Directions for this task => What you return must be the lines from the first one below through the one containing "Gráfica 1: Procesos", exactly and with pictures excluded.

- Opening Delimiter -

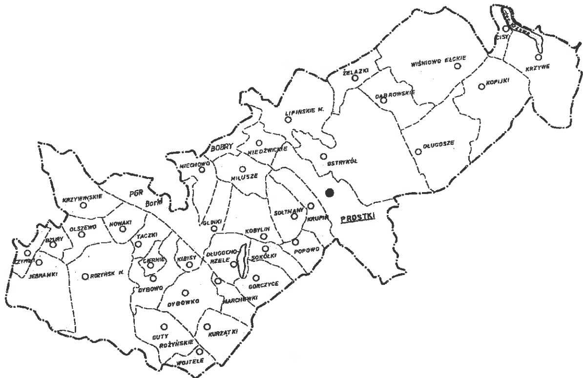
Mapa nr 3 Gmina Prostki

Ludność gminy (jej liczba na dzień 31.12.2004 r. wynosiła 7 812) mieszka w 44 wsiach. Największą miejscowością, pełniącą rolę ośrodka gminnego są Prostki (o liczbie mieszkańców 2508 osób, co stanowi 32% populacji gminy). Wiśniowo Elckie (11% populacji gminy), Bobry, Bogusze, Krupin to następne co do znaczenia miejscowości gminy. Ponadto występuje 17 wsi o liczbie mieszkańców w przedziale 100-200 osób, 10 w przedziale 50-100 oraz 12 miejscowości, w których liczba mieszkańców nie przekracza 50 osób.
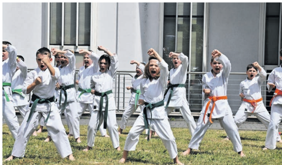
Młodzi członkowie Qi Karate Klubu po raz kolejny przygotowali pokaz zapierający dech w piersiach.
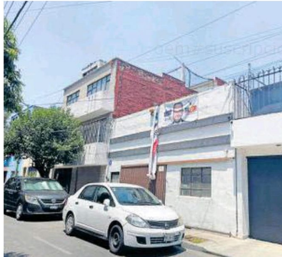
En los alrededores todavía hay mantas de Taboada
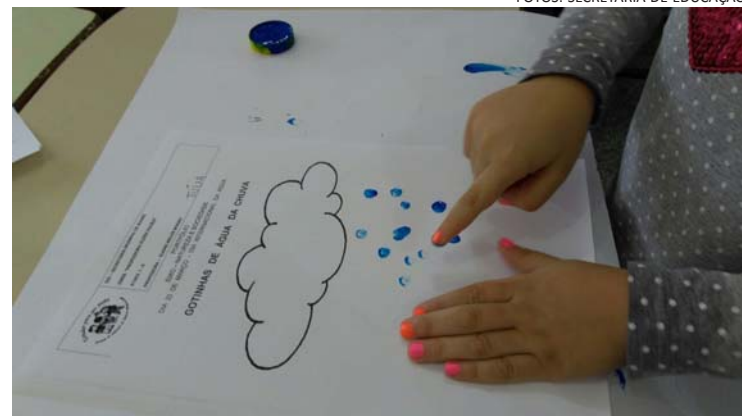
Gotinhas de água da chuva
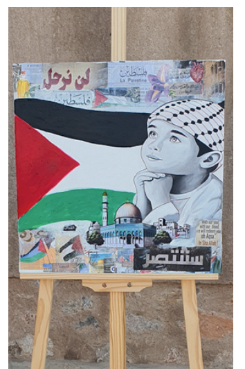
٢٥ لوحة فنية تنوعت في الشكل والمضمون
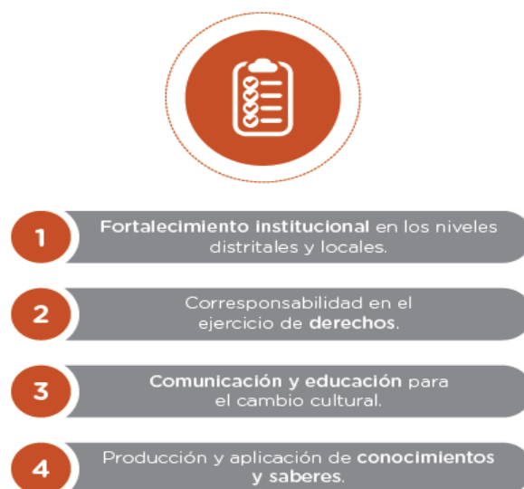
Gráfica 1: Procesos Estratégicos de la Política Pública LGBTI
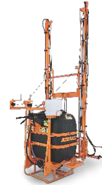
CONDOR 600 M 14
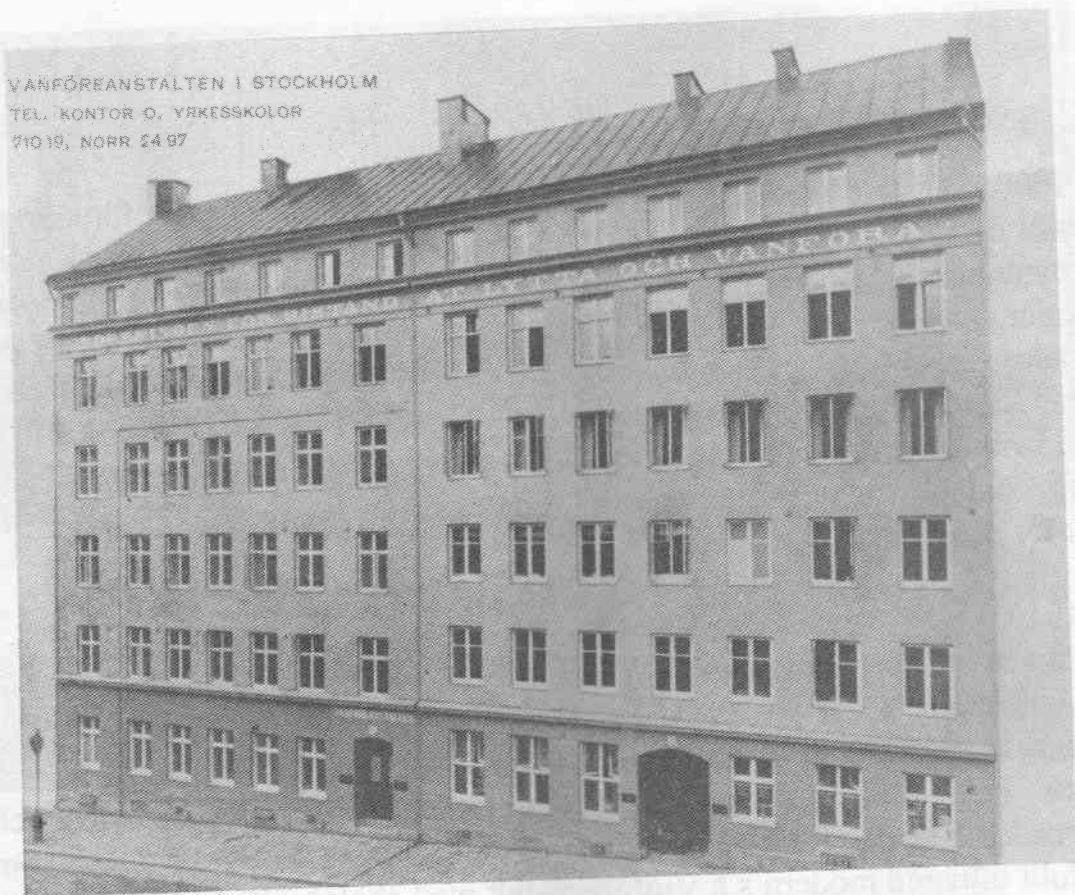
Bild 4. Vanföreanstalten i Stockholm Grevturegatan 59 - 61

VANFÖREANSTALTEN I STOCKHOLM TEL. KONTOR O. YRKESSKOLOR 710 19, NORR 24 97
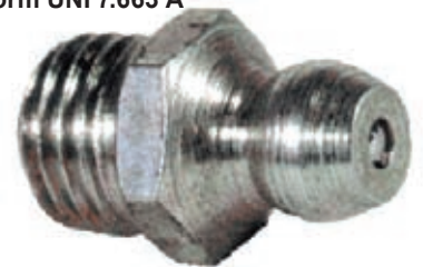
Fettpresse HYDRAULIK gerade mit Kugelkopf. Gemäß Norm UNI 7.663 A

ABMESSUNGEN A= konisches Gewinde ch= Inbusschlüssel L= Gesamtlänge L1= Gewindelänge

- Closing Delimiter -

Task response =>
Mapa nr 3 Gmina Prostki

Ludność gminy (jej liczba na dzień 31.12.2004 r. wynosiła 7 812) mieszka w 44 wsiach. Największą miejscowością, pełniącą rolę ośrodka gminnego są Prostki (o liczbie mieszkańców 2508 osób, co stanowi 32% populacji gminy). Wiśniowo Elckie (11% populacji gminy), Bobry, Bogusze, Krupin to następne co do znaczenia miejscowości gminy. Ponadto występuje 17 wsi o liczbie mieszkańców w przedziale 100-200 osób, 10 w przedziale 50-100 oraz 12 miejscowości, w których liczba mieszkańców nie przekracza 50 osób.
Młodzi członkowie Qi Karate Klubu po raz kolejny przygotowali pokaz zapierający dech w piersiach.
En los alrededores todavía hay mantas de Taboada
Gotinhas de água da chuva
٢٥ لوحة فنية تنوعت في الشكل والمضمون
Gráfica 1: Procesos Estratégicos de la Política Pública LGBTI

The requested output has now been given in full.